Sydney astronomy student wins coveted Bok Prize

20 May 2013

University of Sydney PhD student Benjamin Pope has been announced winner of the prestigious 2013 Bok Prize: the highest award of the Astronomical Society of Australia for research conducted by an Honours student.

Ben Pope, Winner of the coveted Bok Prize 2013 for the Best Honours Thesis in astronomy
Ben Pope, Winner of the coveted Bok Prize 2013 for the Best Honours Thesis in astronomy

Mr Pope's citation from the Astronomical Society particularly singled out the important potential for new discovery from the innovative methods, entitled "Dancing in the Dark: Kernel Phase Interferometry of Ultracool Dwarfs". This research, now published in the Astrophysical Journal, delivered the first scientific results with a new image analysis technique with the potential to breathe new life into high resolution astronomical imaging.

In the announcement, the committee noted that "the nominations received for the 2013 Bok Prize were of an excellent standard and the judging panel were highly impressed with Mr Pope's thesis, particularly the new discovery aspect of your work and the development of new methodologies applied to archival data."

Interestingly, this was also a case of finding gold in the astronomy equivalent of a filing cabinet in the attic. "The Hubble Space Telescope has been a truly remarkable observatory, but despite the extreme competition to use it, a lot of the images taken with it have never been analysed to their fullest potential" explained Mr Pope.

"The data I used for my research was mostly taken around 2005 while I was in Year 9 , and it had been sitting on a public archive since then. This data had previously been studied by simple visual inspection, but contained a hidden trove of discoveries accessible only after advanced computer processing. The thing that made all the difference for us was being able to apply the very latest leading-edge image analysis technique called kernel phase interferometry. I was fortunate enough to learn about this straight from its inventor, Dr Frantz Martinache, on a visit to Hawai'i last year. Together we made the first new discoveries with this powerful new approach," said Mr Pope.

It turns out that despite all the effort and expense, even the multi-billion dollar Hubble Space Telescope does not yield absolutely perfect vision.

The mirrors, lenses and other components that comprise the telescope all bend and warp by tiny amounts as the observatory orbits in space, enough to create subtle shifts in the image that are easy to confuse with real signals from the star being studied. The key breakthrough came with the realization that the structure in the image could be mathematically divided into two classes: firstly those which could arise from errors in the mirror, and critically, a second class which could not.
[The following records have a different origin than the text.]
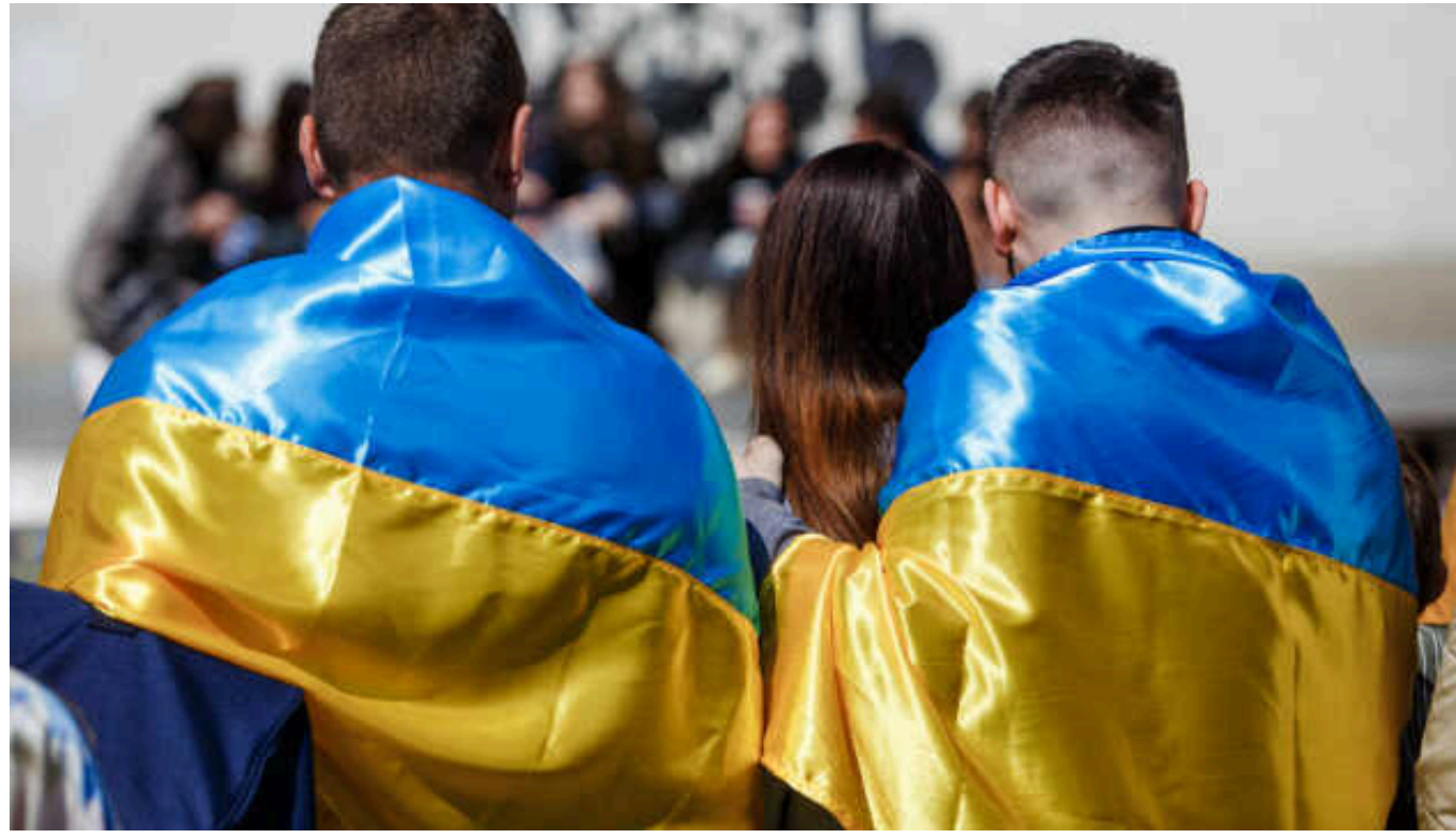
Лише 56% українців, які живуть у Польщі, Чехії та Німеччині цікавляться подіями та ситуацією в Україні

Про це свідчать результати опитування КМІС.
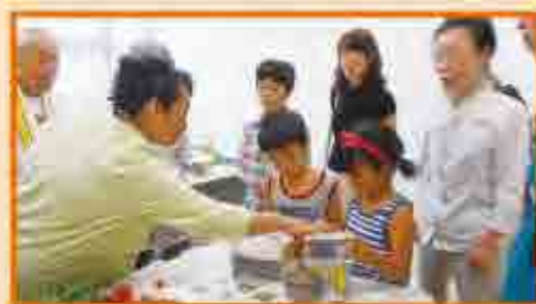
みなさん真剣です！
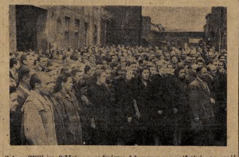
Załoga ZPW im. 9 Maja na podwórzu fabrycznym manifestuje na cześć 33 rocznicy Rewolucji Październikowej.
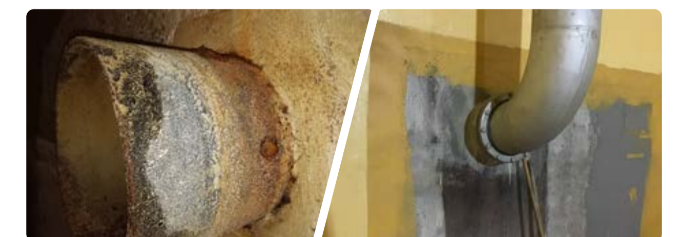
Réservoir semi-enterré : changement des manchettes d'ancrage.
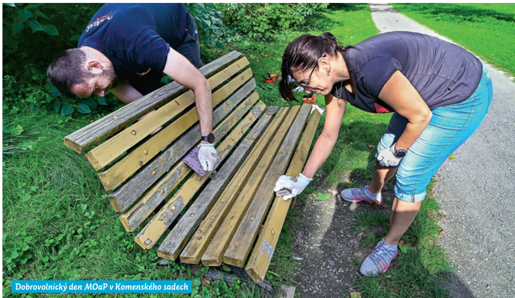
Dobrovolnický den MOaP v Komenského sadech

Radnice Moravské Ostravy a Přívozu každoročně organizuje dobrovolnické aktivity na zvelebení veřejného prostoru. O jaké akce jde, kdo se zapojuje a co se v této souvislosti v našem obvodu děje?
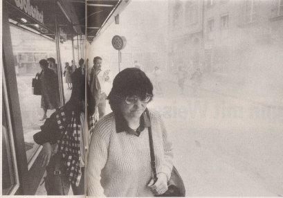
... Tränen kommen einem beim Einkaufen nur der hohen Preise wegen ...
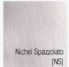
Nichel Spazzolato [NS]
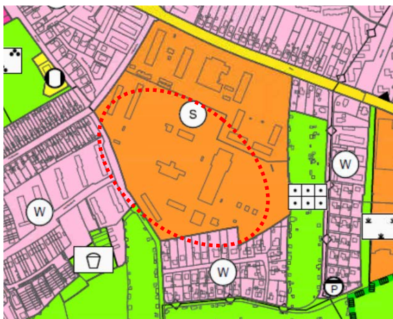
Flächennutzungsplan 1990, Auszug

Das Plangebiet ist im gültigen Flächennutzungsplan (FNP) 1990 als Sonderbaufläche dargestellt. Eine Änderung in Wohnbau- und Grünflächen ist erforderlich.
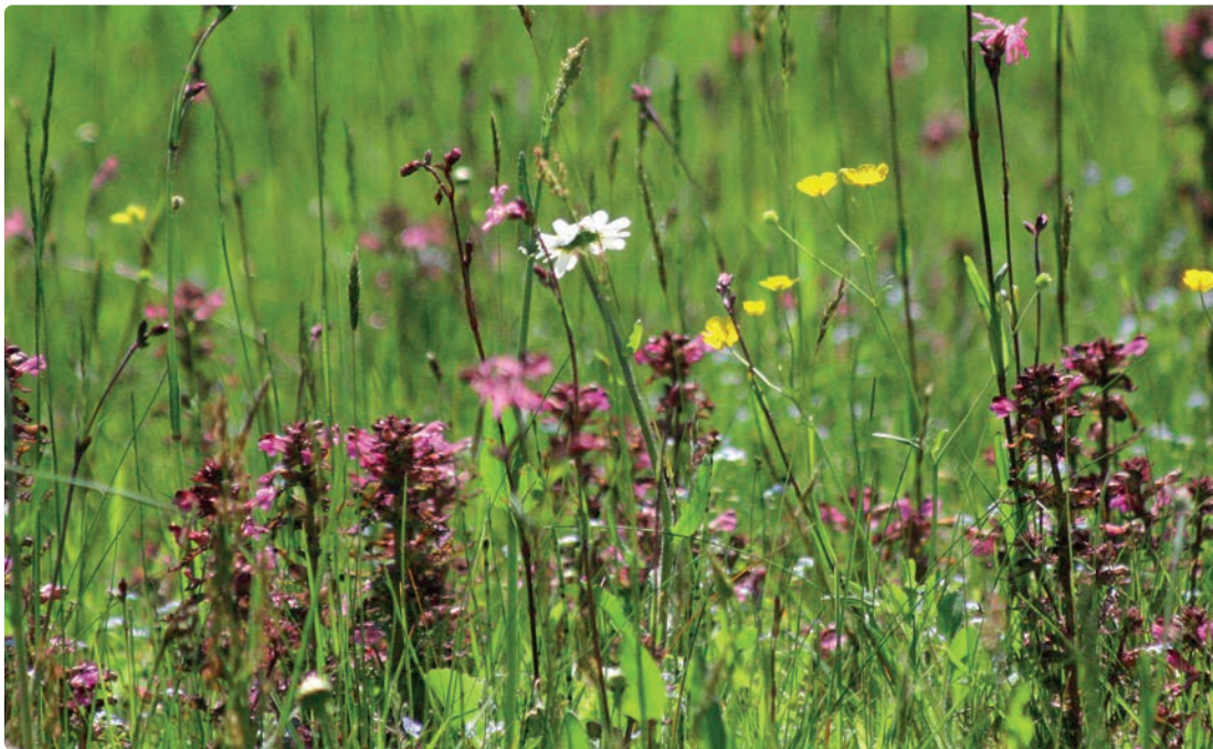
Margerite, Kuckucks-Licht- nelke, Ruchgras, Scharfer Hahnen- fuß, Läusekraut

"In essence, we divide the image into two parts", explains Dr Martinache, "the first can be corrupted by optical problems, and we discard this. kernel phase interferometry can then focus exclusively on information in the image which is essentially immune to the noise. It is like a noise-cancelling headset on an aeroplane: you flick off the noise and you can suddenly detect all these faint signals nobody else could find."
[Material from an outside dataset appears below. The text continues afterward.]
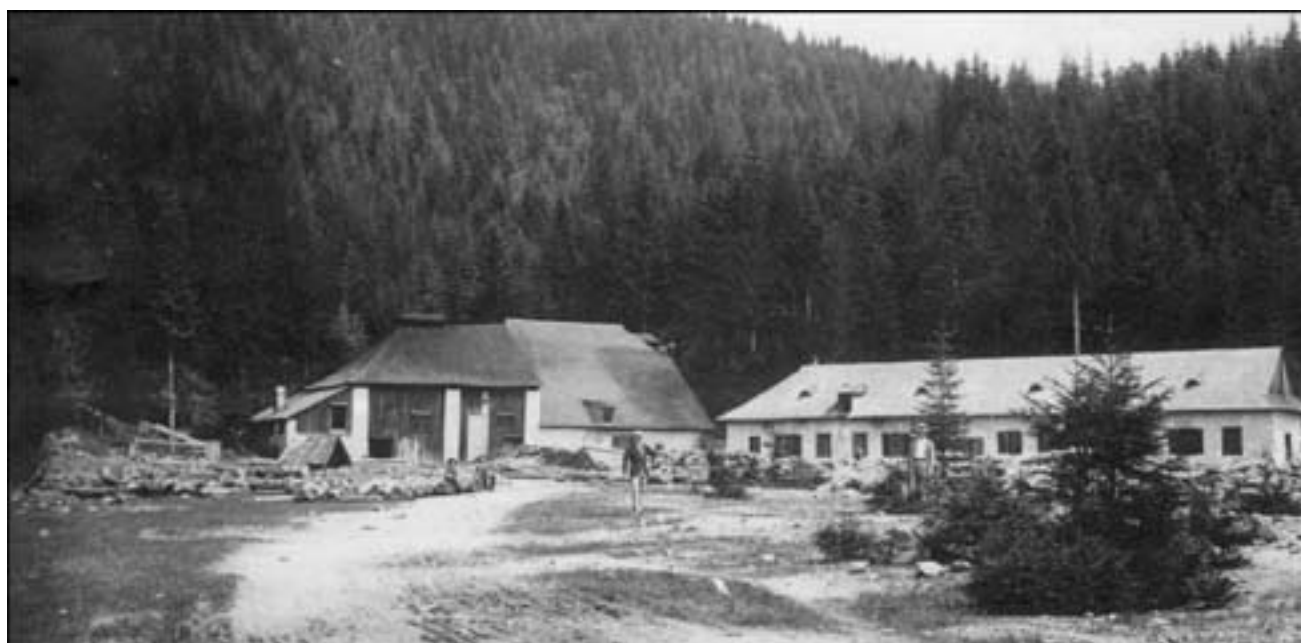
Zachovaná fotografia šachty Ludovika zo začiatku 20. storočia

Z pridelených finančných prostriedkov bolo možné zrealizovať len záchranu stojaceho muriva stien strojovne. Bol zakonzervovaný vrch múrov tak, aby sa zabránilo ďalšiemu zvetrávaniu. Dno strojovne bolo vyčistené od napadaných skál a zeminy popri stenách strojovne a vypílený náletový porast vo vnútri, na múroch, v ústí žlabu a v okolí šachty. Kamenné murivo stavby je ešte stále v relatívne dobrom stave sú zachované všetky obvodové múry. Drevené podlahy, stropy a strecha sa žiaľ nezachovali.

Mr Pope's research unleashed this powerful method in the hunt for companions to the intriguing objects known as brown dwarfs which occupy the no-man's-land in mass between gas giant planets like Jupiter, and the smallest, dimmest stars.

"Brown dwarfs are like a missing link between stars and planets, and by studying them we learn more about how the great diversity of star systems in the universe came to be formed." said Mr Pope.
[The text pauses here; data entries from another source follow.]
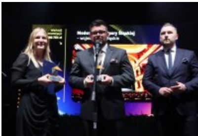
Gala Top Inwestycje Komunalne 2024
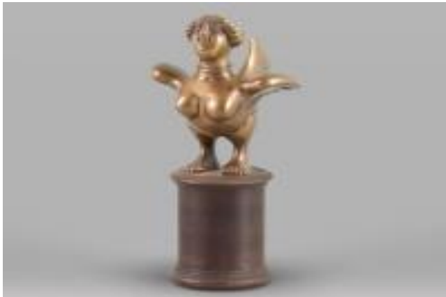
7. kép – Péter Vladimír: Madáranya

Forrás: https://axioart.com/tetel/peter-vladimir-madaranya_489785 – Hozzáférés: 2022. november 21.
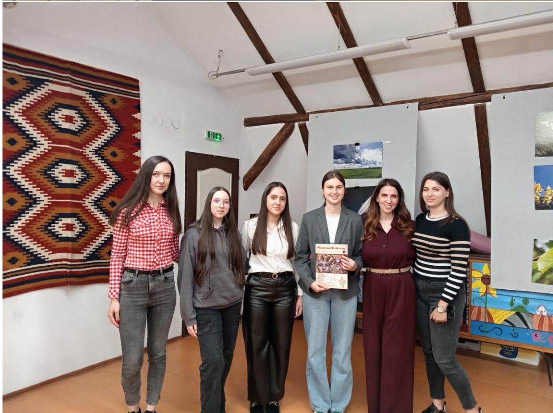
Naziv: Podsticanje kulture učešća u dijalogu za regionalno pomirenje – Distrikt pomirenja
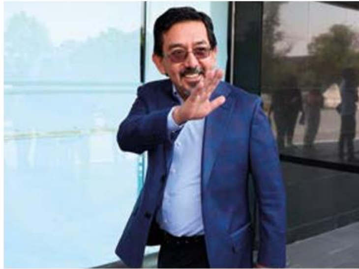
Postura. Chávez cuenta como parte de su experiencia el haber sido funcionario de casilla.

Al salir de su entrevista con el Comité Técnico de Evaluación que conduce el proceso de selección, Chávez explicó que su experiencia electoral incluye la coordinación del primer monitoreo de medios de comunicación que el otrora Instituto Federal Electoral encargó a la Facultad de Ciencias Políticas y Sociales, haber
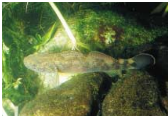
背ビレに黒斑がないのがスミウキゴリの特徴

この他、海辺の小川や湿気の多い林の中では、アカテガニやクロベンケイガニが住んでいます。土に穴を掘り、これを巣穴にして生活しています。これらのカニも、普段は海に入ることはありません。ところが、メス親が幼生を放つのは必ず海の中です。幼生は海で成長を続け、親と同じ姿になると陸で生活するようになります。(普及課長)
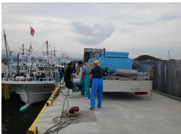
① トラック到着 (14:20)
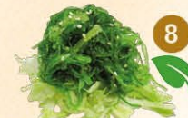
8 Chuka wakame zeewier salade
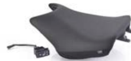
BEHEIZTER FAHRERSITZ A9700610 A9708366
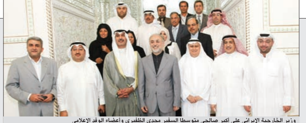
وزير الخارجية الإيراني علي أكبر صالحى متوسلا السفير مجدى الظفيري وأعضاء الوفد الإعلامي وزير الخارجية الإيرانية علي أكبر صالحى متوسلا السفير مجدى الظفيري وأعضاء الوفد الإعلامي

وزير الخارجية الإيرانية علي أكبر صالحى متوسلا السفير مجدى الظفيري وأعضاء الوفد الإعلامي حريصون على أمن واستقرار المنطقة
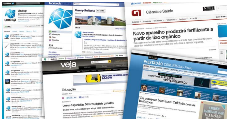
Unesp ganha espaço em jornais, revistas e portais e estreia nas mídias sociais

"Although they are incredibly faint, so we never see them except with large telescopes, they are actually very common. Most importantly, nobody is quite sure how they can be formed, and they present a tricky challenge to just about all theories for how matter collapses to form compact bodies like stars and planets. Some say they form like large planets around more massive stars, and are then ejected; other models can have brown dwarfs forming by themselves like stars. In particular, one of the key tests is to find how often brown dwarfs are found in pairs.

This binary fraction is quite high for stars - the in joke among astronomers is that 'three in every two stars is a binary.

"What my work here has shown is that it is in fact also higher than previously thought for brown dwarfs too. This high binary fraction favours theories where brown dwarf systems form like scaled-down star systems," said Mr Pope.

"You can't help but feel a little poignancy for brown dwarfs.", concludes Professor Peter Tuthill, Mr Pope's research supervisor at the University of Sydney, "Failed stars out in the cold reaches of the Galaxy, never to see a sunrise and doomed to slowly freeze as generations of stars around them are born and die. I guess Ben's work gives the poets in us a little solace, in that more of them than we expected are in a stately orbital dance with a partner that will still be going when our own sun has lived its entire life and is but a memory."

Mr Pope's award marks a Hat-Trick for the Sydney Institute for Astronomy at the University of Sydney in winning this prestigious national prize three years in a row with past winners Alison Hammond (2012) and Barnaby Norris (2011).

The paper "Dancing in the Dark: New Brown Dwarf Binaries from Kernel Phase Interferometry", Pope, Martinache and Tuthill, ApJ, 2013 is now published in the Astrophysics Journal.